Comment by GuB-42

10 hours ago

You have "edit and continue" in Visual Studio (the real IDE, not VS Code).

And I mentioned it as a downside of C++ on Linux, and I would expect a language that has "the best" tooling to have that.

C++ tooling isn't that great, but it has one thing going for it: it is popular in the video game industry, and the video industry has some of the best tools.

And sure enough, if by tooling you mean "package management", I'd say everything is better than C++, and on the other side, it seems that cargo is pretty good. I don't know how they tackle the "left-pad" problem that plagues npm though. By that I mean supply-chain attacks.

It's not like npm is particularly bad at handling supply-chain attacks, it's just a very popular ecosystem and gets targeted more as a result. Idk how you truly solve this without code audits, and if anything the more popular/visible packages will be audited more.
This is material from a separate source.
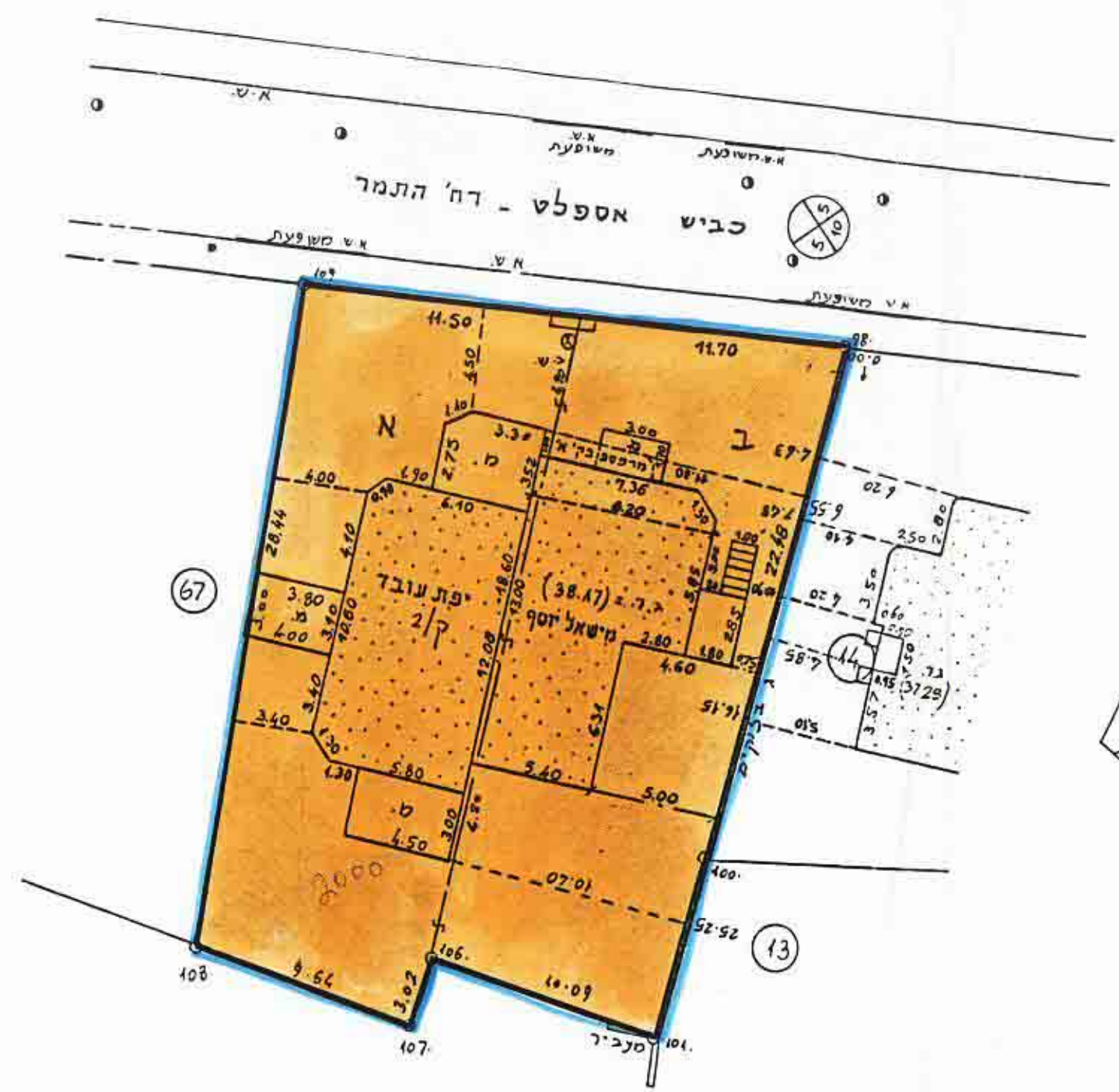
מצב חדש 1:250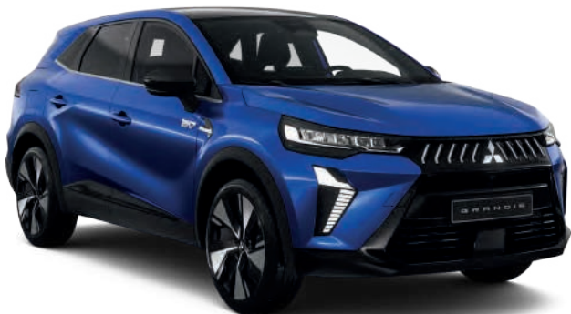
Royal Blue (peinture métallisée) - 0 €

Btw, left-pad fallout wasn't all that bad. It's not like the author put something malicious into the code. For less than a day, people couldn't download that dep from npm. If someone really needed to fix a build, they could copy in a backup. Pretty sure a typical C++ or Python project build gets broken on its own more often than that.

  • > Idk how you truly solve this without code audits

    Idk either, but code audits are definitely a solution. Take Debian packages for instance. Debian has package maintainers, and while they may no do full audits, they will at least test it before publishing. In addition, it doesn't get in the "stable" release before an extensive testing phase. Security patches are usually backported.

    Or do like with the Apple App Store, where you don't get to publish anything unreviewed.

    These are not perfect solution, there is no such thing as a perfect solution. For instance, Debian is famously lagging behind in versions, and the App Store will sometimes reject your app for no good reason, while being expensive. In every case there is some barrier to entry, a slow process, and it costs time and money, but that mitigates some of the issues.

    Npm seems to have very little safeguards, has a culture of always taking the latest version, and as a result is often victim to supply-chain attacks. I don't think it is just popularity. Debian is really popular too, but AFAIK, it doesn't have this problem, in fact, one of the best known supply-chain attack is the xz library, and Debian didn't fall to it.

Cargo tackles none of that, it has the exact same issue of pulling in hundreds of deps like npm has.